The moral? — Autocrats thrive on the public’s need to feel safe from all manner of easily exaggerated threats

 

Liberty is not for cowards.  And power corrupts.

 

In regard to both, and for the second time within just a few weeks, I quote Pastor Martin Niemöller’s (1892-1984) famous World War II line:

 

 

First they came for the Socialists, and I did not speak out--

Because I was not a Socialist.

 

Then they came for the Trade Unionists, and I did not speak out--

Because I was not a Trade Unionist.

 

Then they came for the Jews, and I did not speak out--

Because I was not a Jew.

 

Then they came for me--and there was no one left to speak for me.

 

Martin Niemöller, Martin Niemöller : First they came for the socialists . . .”, Holocaust Encyclopedia (11 May 2012) (reformatted)

 

The America I grew up in would never have traded a secure life in the gulag for Liberty’s obvious dangers.

 

Have terrorists so easily overcome the United States’ purported values?

 

Our penchant for blaming others for our often significant shortcomings was recently subject of a partially related comment from geopolitical analyst James Traub:

 

 

The United States does have a formidable enemy -- but we can see it in the mirror.

 

China's aggression toward its neighbors in the South China Sea, or its assault on the computers of U.S. companies, poses less of a threat to U.S. interests than does[:]

 

America's own failure to educate its citizens or build and repair vital infrastructure –

 

both of which China is doing, legally and openly, at an astonishingly rapid clip.

 

The United States doesn't really have enemies any more.

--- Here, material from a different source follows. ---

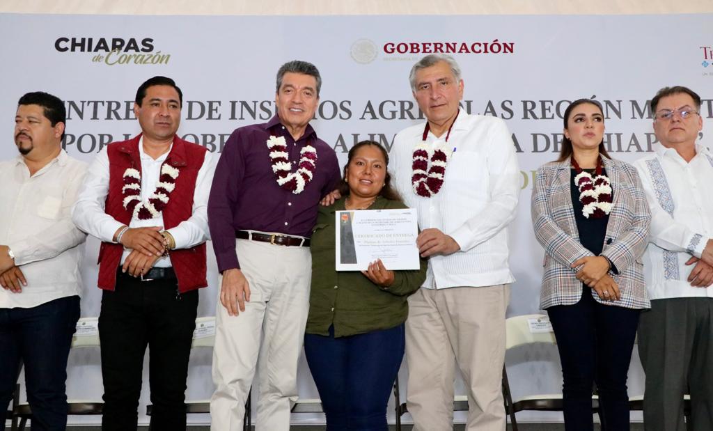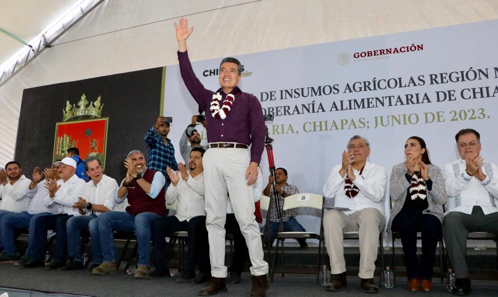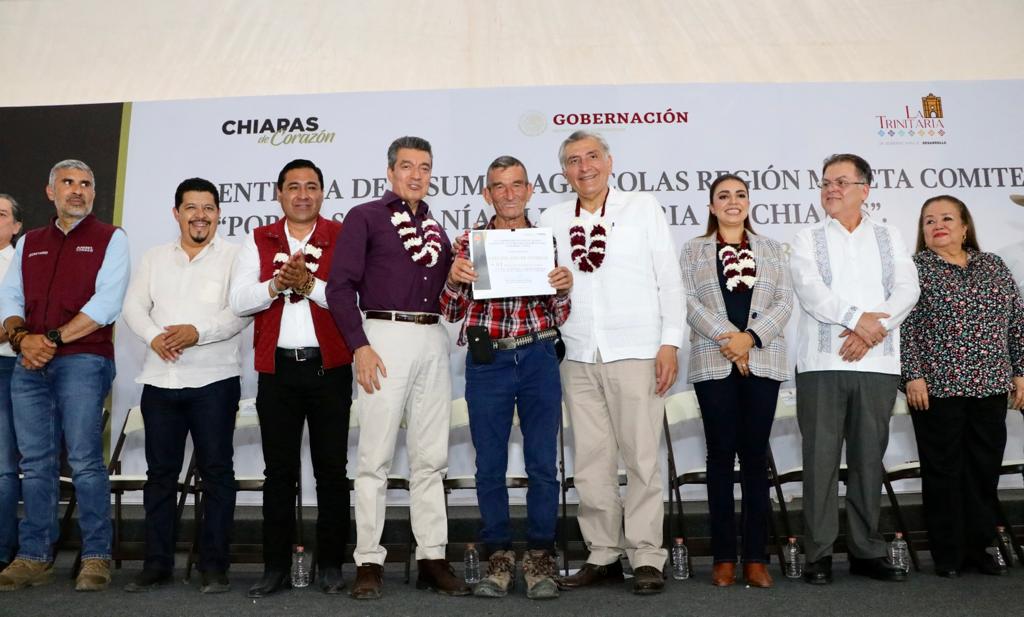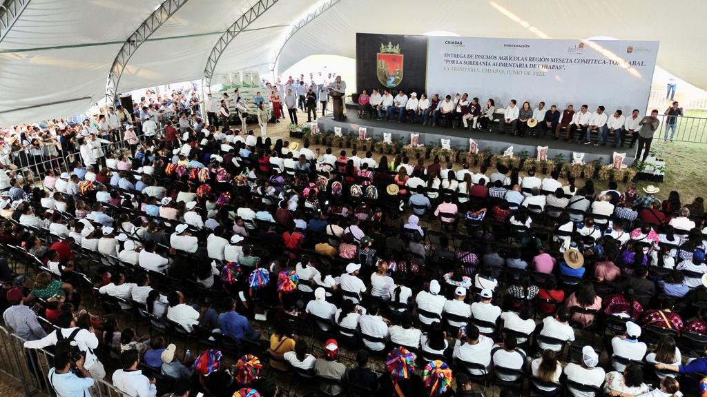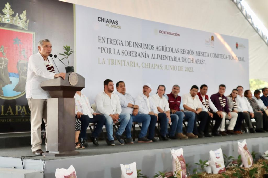 Con el lema “Por la Soberanía Alimentaria de Chiapas”, el gobernador Rutilio Escandón Cadenas junto con el secretario de Gobernación, Adán Augusto López Hernández, encabezaron la entrega de paquetes de fertilizantes e insumos agrícolas a productoras y productores de los municipios de la región Meseta Comiteca Tojolabal, con el propósito de coadyuvar al fortalecimiento del campo chiapaneco y garantizar la autonomía alimentaria del país.

It has rivals -- lots and lots of rivals.

 

And right now, it's defeating itself.

 

© 2013 James Traub, Squeal Like a Pig — Why Putin actually loves tweaking the United States over Edward Snowden, and why China’s too smart to bother, Foreign Policy (28 June 2013) (paragraph split)

 

We are exclusively the ones doing ourselves in.

 

Assaulting history’s timely Messengers of Warning —however disguised they are by alleged reprehensibilities of personal character — is unwise. In my lexicon of American personal and political virtue, toadying to the Wannabe King and his Court is much worse.